Error in ndbapi.cpp, line: 137, code: 410, msg: REDO log files overloaded, consult online manual (decrease TimeBetweenLocalCheckpoints, and|or increase NoOfFragmentLogFiles).

I tried decreasing the TimeBetweenLocalCheckpoints and increasing NoOfFragmentLogFiles still the same result (after restarting the cluster with --initial).

---Config file---
# Options affecting ndbd processes on all data nodes:
[ndbd default]
NoOfReplicas=1 # Number of replicas (This must match the number of data nodes!!!)
DataMemory=38000M # How much memory to allocate for data storage
IndexMemory=9000M # How much memory to allocate for index storage
# For DataMemory and IndexMemory, we have used the
# default values. Since the "world" database takes up
# only about 500KB, this should be more than enough for
# this example Cluster setup.
Diskless=1
TimeBetweenLocalCheckpoints=5
NoOfFragmentLogFiles=100

[tcp default]
#portnumber=2202 # This the default; however, you can use any port that is free
# for all the hosts in the cluster
# Note: It is recommended that you do not specify the port
# number at all and allow the default value to be used instead

# Management process options
[ndb_mgmd]
hostname=192.168.42.91 # Hostname or IP address of management node
datadir=/var/lib/mysql-cluster # Directory for management node log files

# First Data Node (ID=2 because the management node autmatically obtains ID=1)
[ndbd]
Id=2
hostname=192.168.42.91
datadir=/usr/local/mysql/data

# MySQLD Processing Nodes (workhorses) - Defining 4 will allow 4 to join the cluster
# from any location on the network. We use 4 because our data nodes also have
# mysqld running, so we are going to use them to process as well.
[mysqld]
[mysqld]
[mysqld]
[mysqld]

========================================

I need help to see if this high insert rate is something the cluster can not support or if I am doing something wrong.

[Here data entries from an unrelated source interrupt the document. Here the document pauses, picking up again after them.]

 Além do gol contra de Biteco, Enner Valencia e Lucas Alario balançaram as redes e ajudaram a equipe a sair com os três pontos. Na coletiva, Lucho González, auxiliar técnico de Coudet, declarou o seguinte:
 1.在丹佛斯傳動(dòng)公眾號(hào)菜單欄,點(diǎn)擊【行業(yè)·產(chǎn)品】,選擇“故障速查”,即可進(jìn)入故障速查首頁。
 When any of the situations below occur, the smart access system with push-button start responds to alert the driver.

any pointers would be appreciated.

thanks
Nishant

Johan Andersson said...

hi,
sorry for my late comment..

I do recommend that you get a config from http://www.severalnines.com/config

It will set redo log and redo buffer correctly.

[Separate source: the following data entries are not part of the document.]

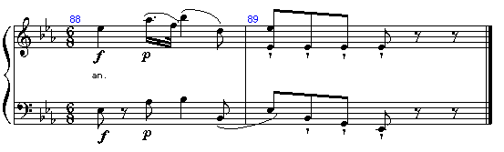 表から分かるのは、草稿においてはうわべの6/8拍子と本当の6/8拍子が必ずしも同位相でないということである。すなわち実小節65-68(経過部)は記譜小節と同位相だが、実小節84-90(終止部)は記譜小節と同位相でないのである(ファイルはこのことを考慮に入れていない)。これは、3/8拍子の小節数がこの間(第2部)で奇数であることによる。従って終止部の実小節は図4の如くなる。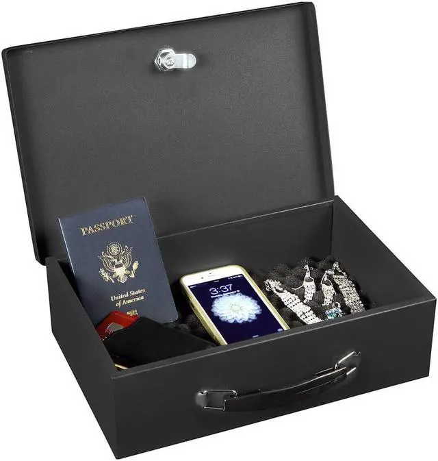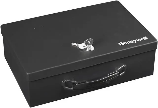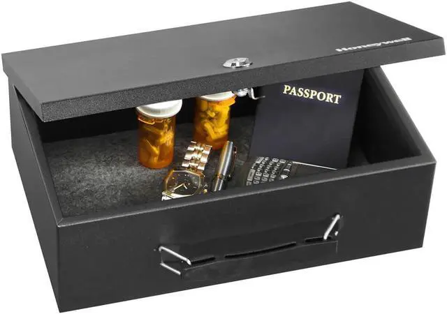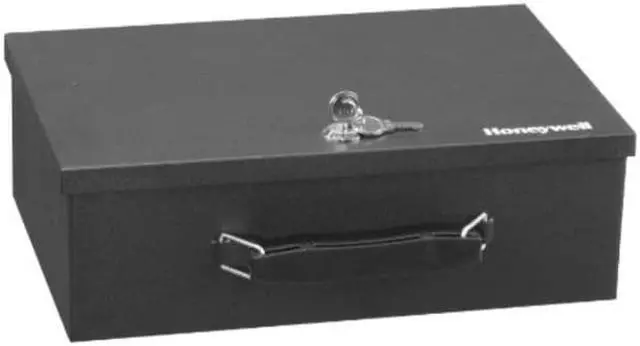 - FEATURES - The Honeywell 6104 security boxs concealed hinge keeps your small valuables protected from users by preventing prying of the door. This box includes a foam padded floor mat and is built with a sturdy double steel wall construction and is equipped with a fire resistant insulation. With 0. 17 cubic feet of interior storage space, this key-locking security box is perfect for holding small documents and valuables. The exterior dimensions are 3. 9 in H x 12. 7 in W x 9. 0 in D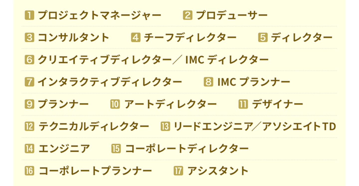 デジタルコミュニケーション施策の企画立案・提案、プロジェクト全体をまとめていく、プロデューサーやディレクターなど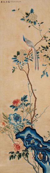 清乾隆 蘇繡繡球花綬帶鳥(niǎo)圖

If the problem still persist, get faster disks or increase number of data nodes to spread the load on!

good luck!

Johan Andersson said...

I was a bit quick - i see you run diskless=1, interesting..


Please try to create the table(s) as:

set ndb_table_no_logging=1;
//create your tables
set ndb_table_no_logging=0;

With the diskless=1, the data nodes will still do the LCP + REDO except the last step which is to write to disk. I need to check how you could get the error without touching the disk.

The disk is better avoided with ndb_Table_no_logging=1 than diskless=1, as the LCP + REDO code will not be executed.